WS: Most of the Supreme Court clerks stayed in D.C. to work for firms with a Supreme Court practice. But I was more drawn to private law than public law, and I found corporate law particularly interesting. During my clerkships I always volunteered for the commercial cases, the contract and fiduciary cases. For that kind of practice, New York made more sense than Washington.
What was less clear was the choice between a transactional practice and litigation. At the end, I really like reading cases and mixing and matching arguments from different lines of cases and different branches of the law. And I found more of that in litigation. But in a sense, my practice in corporate governance and merger litigation straddles the line between litigation and corporate. And our firm recognizes how thin the membrane can be between corporate and litigation, and ensures that our matters are handled on a task-force basis that involves all the relevant legal disciplines.
LD: For at least the past decade, maybe more, Wachtell has been on the front lines of the evolution of stockholder litigation. From inventing and defending the poison pill, you now are ground zero for the “every-deal-begets-a-lawsuit – maybe two!” era. And, as a firm, you and your partners are passionate and prolific writers about your views on activism and corporate governance.
WS: The world certainly has changed when it comes to the volume of deal litigation. Not that long ago, merger litigation was occasional. Squeeze-out deals drew litigation; and there might be a suit to challenge a manifestly deficient proxy statement. But deal litigation was the exception not the rule.
Now we see a lawsuit on every deal – and often more than one in more than one place. But I think the pendulum may be shifting back. My guess is when they do the data for 2015 we’ll see a downtick in the frequency of merger litigation.
LD: What are some of the factors contributing to a shift?
WS: The advent and clear judicial acceptance of forum selection bylaws makes multijurisdictional litigation difficult and will disincentivize duplicative lawsuits. We are also seeing greater judicial receptivity to motions to dismiss fiduciary cases where the pleadings don’t disclose a real factual basis for suit. There have been a number of dismissals, in Delaware and elsewhere, confirming the importance of weeding out non-meritorious cases early, before discovery costs mount. The courts are also turning up the pressure on the settlement process to ensure that settlements are substantive and fair. That trend should also reduce meritless filings.

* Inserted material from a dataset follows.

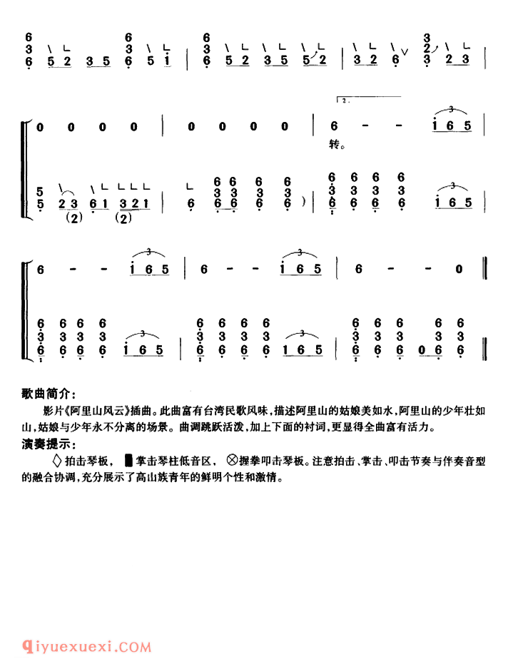 拍击琴板,掌击琴柱低音区,握拳叩击琴板。注意拍击.掌击.叩击节奏与伴奏音型的融合协调,充分展示了高山族青年的鲜明个性和激情。
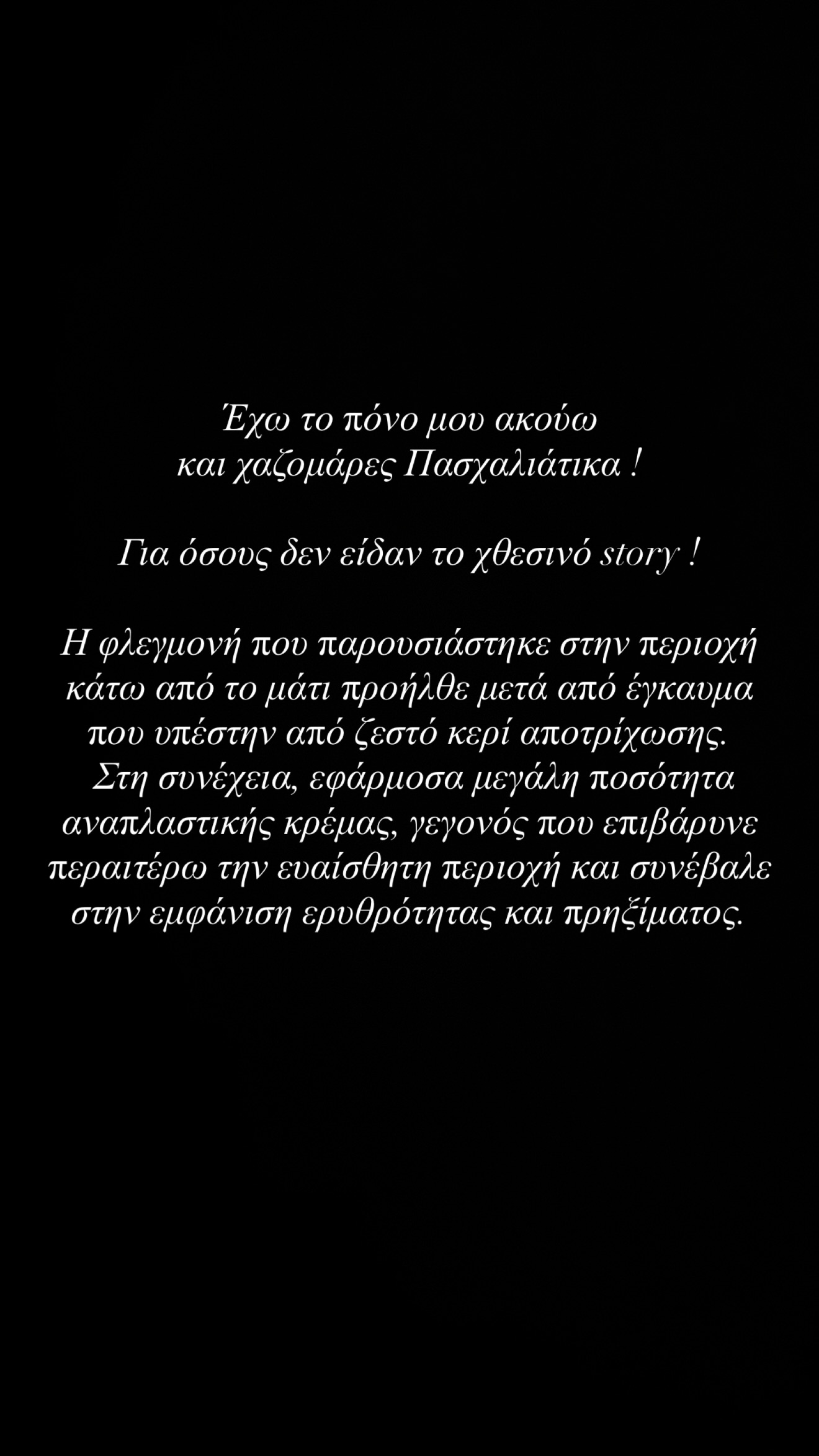 Ωστόσο, μετά τα σχόλια που υπήρξαν στα social media, ήθελε να δώσει περισσότερες λεπτομέρειες για το εν λόγω ζήτημα, γράφοντας σε επόμενο story: «Έχω τον πόνο μου… και ακούω και χαζομάρες πασχαλιάτικα. Για όσους δεν είδαν το χθεσινό story: Η φλεγμονή κάτω από το μάτι προκλήθηκε από έγκαυμα μετά από ζεστό κερί αποτρίχωσης. Στη συνέχεια έβαλα μεγάλη ποσότητα αναπλαστικής κρέμας, που τελικά επιβάρυνε την ήδη ευαίσθητη περιοχή και προκάλεσε έντονη ερυθρότητα και πρήξιμο».

LD: Let’s talk a little about the Wachtell way, which strikes me as being deeply thoughtful about your clients’ business on the highest levels.
WS: We are taught from day one to think in a holistic way about our clients. No matter what the lawsuit or transaction, we make it a priority to bring detailed knowledge of the objectives of the company, and the people who comprise it, and the whole range of business and legal risks they face. We like to think of clients as partners, and for the long haul. With that philosophy, we’ve been able to develop many very close advisory relationships. There’s nothing more gratifying in the practice of law.
Another distinctive aspect of the firm is that it always encourages its lawyers to think beyond the case and to think about the law and its development, and to try out new theories, new deal structures and new arguments. Our founding partners imbued the place with a spirit of innovation, and it carries through everything we do. Not once since the day I showed up have I been discouraged from teaching or writing or pursuing a new solution to a client problem or rethinking an issue from the ground up. We’re a law firm of course, but we’re also a kind of think tank on corporate governance and corporate law. And we remain true to the vision Marty [Lipton] and Herb [Wachtell] articulated when they hung out their shingle: to bring together a small group of deeply committed people who would practice law with maximum intensity and at the highest level. It’s a privilege to be a part of it.
LD: What do you do when you’re not working?
WS: Objection, foundation! But seriously, I have a wonderful family and I spend every minute with them that I can.